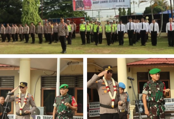 Polres Bungo Gelar Apel Tradisi Penyambutan Kapolres Baru AKBP Zamri Elfino
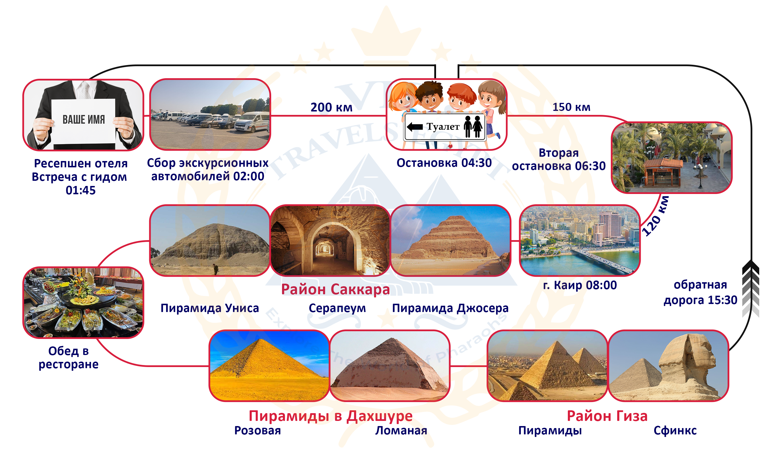 - Окончание экскурсии в Каире в 15:30. Возвращение в Шарм-эль-Шейх к 22:00. В отеле вас будет ждать поздний теплый ужин.
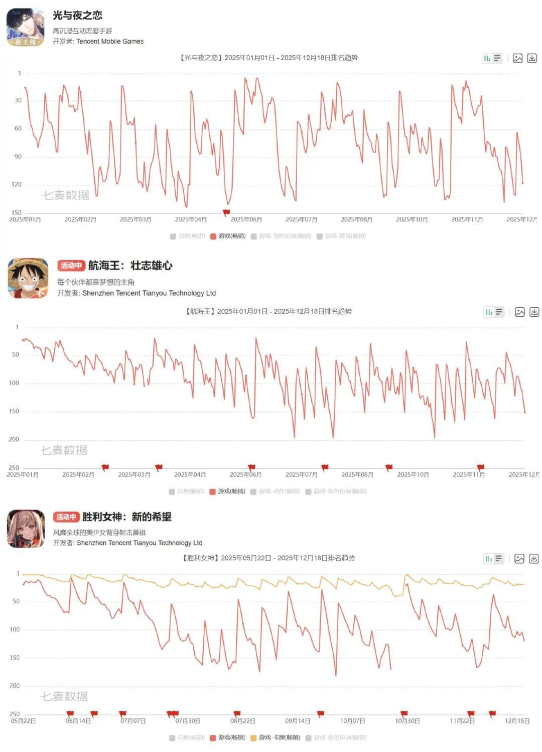 腾讯另外还有3款游戏流水同样破亿,即《光与夜之恋》《航海王:壮志雄心》《胜利女神:新的希望》。其中《光与夜之恋》排在榜单第6名,近一年维持在iOS游戏畅销榜TOP60左右,但趋势波动较大,流水约为2.85亿元;《航海王:壮志雄心》排在榜单第11名,近一年维持在iOS游戏畅销榜TOP100左右,流水约为1.51亿元。《胜利女神:新的希望》排在榜单第14,流水约为1.11亿元。需要指出的是,《航海王:壮志雄心》取得了不错的流水,但上线仅一年的时间,走势也有些波动,能否成为头部长青产品仍需要更长的观察期。

# WHAT TO PRODUCE
An acceptable answer consists of the lines above from the one holding "- Окончание экскурсии" to the end of the data, repeated exactly and containing no pictures.

# ANSWER SPACE
 - Окончание экскурсии в Каире в 15:30. Возвращение в Шарм-эль-Шейх к 22:00. В отеле вас будет ждать поздний теплый ужин.
 腾讯另外还有3款游戏流水同样破亿,即《光与夜之恋》《航海王:壮志雄心》《胜利女神:新的希望》。其中《光与夜之恋》排在榜单第6名,近一年维持在iOS游戏畅销榜TOP60左右,但趋势波动较大,流水约为2.85亿元;《航海王:壮志雄心》排在榜单第11名,近一年维持在iOS游戏畅销榜TOP100左右,流水约为1.51亿元。《胜利女神:新的希望》排在榜单第14,流水约为1.11亿元。需要指出的是,《航海王:壮志雄心》取得了不错的流水,但上线仅一年的时间,走势也有些波动,能否成为头部长青产品仍需要更长的观察期。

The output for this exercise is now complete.